An important application of these methods is blind source separation (BSS). I will present several examples for BSS. The presented methods can be applied to knowledge discovery, information retrieval, mining high-dimensional data, data visualization and many other practical problems.

 

Keynote Lecture 4
Principles for Knowledge Engineering on the Web
Guus Schreiber
VU University Amsterdam
The Netherlands


Brief Bio
Guus Schreiber is a professor of Intelligent Information Systems at the Department of Computer Science department of the VU University Amsterdam.
His research interests are mainly in knowledge and ontology engineering, with a special interest for applications in the field of cultural heritage. He was one of the key developers of the CommonKADS methodology. He acts as chair of W3C groups for Semantic Web standards such as RDF, OWL, SKOS and RDFa. His research group is involved a wide range of national and international research projects.
He is now project coordinator of the EU Integrated Project NoTube concerned with integration of Web and TV data with the help of semantics and was previously Scientific Director of the EU Network of Excellence "Knowledge Web".
For more information see http://www.cs.vu.nl/~guus/


Abstract
With the advent of the Web and the efforts towards a Semantic Web the nature of knowledge engineering has changed drastically. In this talk I will discuss some guiding principles for knowledge engineering on a Web scale. We illustrate these principles with examples from knowledge-intensive Web applications in areas such as digital heritage, social TV, and e-humanities. Web-based knowledge engineering is a key component of the emerging discipline of Web Science, which studies the virtual world as a relatively new phenomenon for which scientific laws and theories of the physical world do not always hold.

 

Keynote Lecture 5
Intellectually Managing Organized Complexity
Jan L. G. Dietz
Delft University of Technology
The Netherlands


Brief Bio
Jan Dietz is full professor in Information Systems Design at Delft University of Technology (The Netherlands). He holds a Master degree in Electrical Engineering and a Doctoral degree in Computer Science. He has published over 200 scientific and professional articles as well as several books. His current research interests are in Enterprise Architecture, Enterprise Ontology, and Enterprise Governance, the three pillars of Enterprise Engineering. Before his academic career, he has been in business automation for 10 years.
He is the spiritual father of DEMO (Design & Engineering Methodology for Organizations), as well as co-founder and honorary chairman of the DEMO Center of Expertise (http://www.demo.nl). For developing the emerging discipline of Enterprise Engineering, he chairs the international research network CIAO! (Cooperation & Interoperability - Architecture & Ontology) (http://www.ciaonetwork.org). He also acts as editor-in-chief of a book series on Enterprise Engineering, published by Springer. He can be reached at j.l.g.dietz@tudelft.nl.


Abstract
The notion of organized complexity, as defined by Gerald Weinberg, seems to be a good indication for the kind of artifacts that professionals in organization and information system science are dealing with.

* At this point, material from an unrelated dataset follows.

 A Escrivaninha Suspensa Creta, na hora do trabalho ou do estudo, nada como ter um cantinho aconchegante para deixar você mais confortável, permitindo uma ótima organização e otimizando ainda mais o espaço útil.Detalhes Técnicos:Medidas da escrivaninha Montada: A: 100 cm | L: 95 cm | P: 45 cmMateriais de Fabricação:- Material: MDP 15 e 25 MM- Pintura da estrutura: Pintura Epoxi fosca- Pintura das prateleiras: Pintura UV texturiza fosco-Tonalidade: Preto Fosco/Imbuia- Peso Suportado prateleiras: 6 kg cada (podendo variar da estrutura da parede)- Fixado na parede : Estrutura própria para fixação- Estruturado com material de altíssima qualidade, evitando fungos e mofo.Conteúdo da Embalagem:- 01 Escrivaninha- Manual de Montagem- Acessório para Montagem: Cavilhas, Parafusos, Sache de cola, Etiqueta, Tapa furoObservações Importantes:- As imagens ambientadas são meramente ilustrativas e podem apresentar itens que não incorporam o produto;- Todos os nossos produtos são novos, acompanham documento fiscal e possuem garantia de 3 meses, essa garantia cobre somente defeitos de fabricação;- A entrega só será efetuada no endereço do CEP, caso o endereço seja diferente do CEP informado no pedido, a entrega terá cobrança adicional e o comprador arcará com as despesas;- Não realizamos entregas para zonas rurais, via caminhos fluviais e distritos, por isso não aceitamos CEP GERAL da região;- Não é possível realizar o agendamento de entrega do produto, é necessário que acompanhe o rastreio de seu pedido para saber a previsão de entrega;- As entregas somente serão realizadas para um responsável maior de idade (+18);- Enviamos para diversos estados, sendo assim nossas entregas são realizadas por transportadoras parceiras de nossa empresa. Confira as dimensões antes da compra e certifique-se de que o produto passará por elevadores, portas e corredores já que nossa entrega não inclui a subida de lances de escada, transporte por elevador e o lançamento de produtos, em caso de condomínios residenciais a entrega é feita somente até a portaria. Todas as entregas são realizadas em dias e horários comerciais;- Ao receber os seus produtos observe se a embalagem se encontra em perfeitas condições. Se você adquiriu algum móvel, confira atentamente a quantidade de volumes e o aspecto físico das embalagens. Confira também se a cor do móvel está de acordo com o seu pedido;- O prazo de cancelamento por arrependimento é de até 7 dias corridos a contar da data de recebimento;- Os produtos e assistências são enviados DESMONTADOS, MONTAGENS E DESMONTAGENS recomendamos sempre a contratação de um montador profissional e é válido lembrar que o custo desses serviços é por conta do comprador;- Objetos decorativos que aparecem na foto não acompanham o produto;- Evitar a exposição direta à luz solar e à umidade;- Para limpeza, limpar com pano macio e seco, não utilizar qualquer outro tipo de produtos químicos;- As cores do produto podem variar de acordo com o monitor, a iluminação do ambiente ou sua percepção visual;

As Edsger Dijkstra already pointed at, our primary task in dealing with those artifacts is to manage intellectually their inherent complexity. Five intellectual techniques will be presented and discussed that provide adequate help in mastering complexity: 1) separation of concerns, 2) use of abstraction, 3) devising proper concepts, 4) verification by instantiation, and 5) validation from ontology. Particular emphasis will be put on the third one, since it appears that many currently popular methods in systems development lack a proper conceptual basis. As a step towards improving this situation, ideas about a new theoretical foundation of information systems are presented and discussed.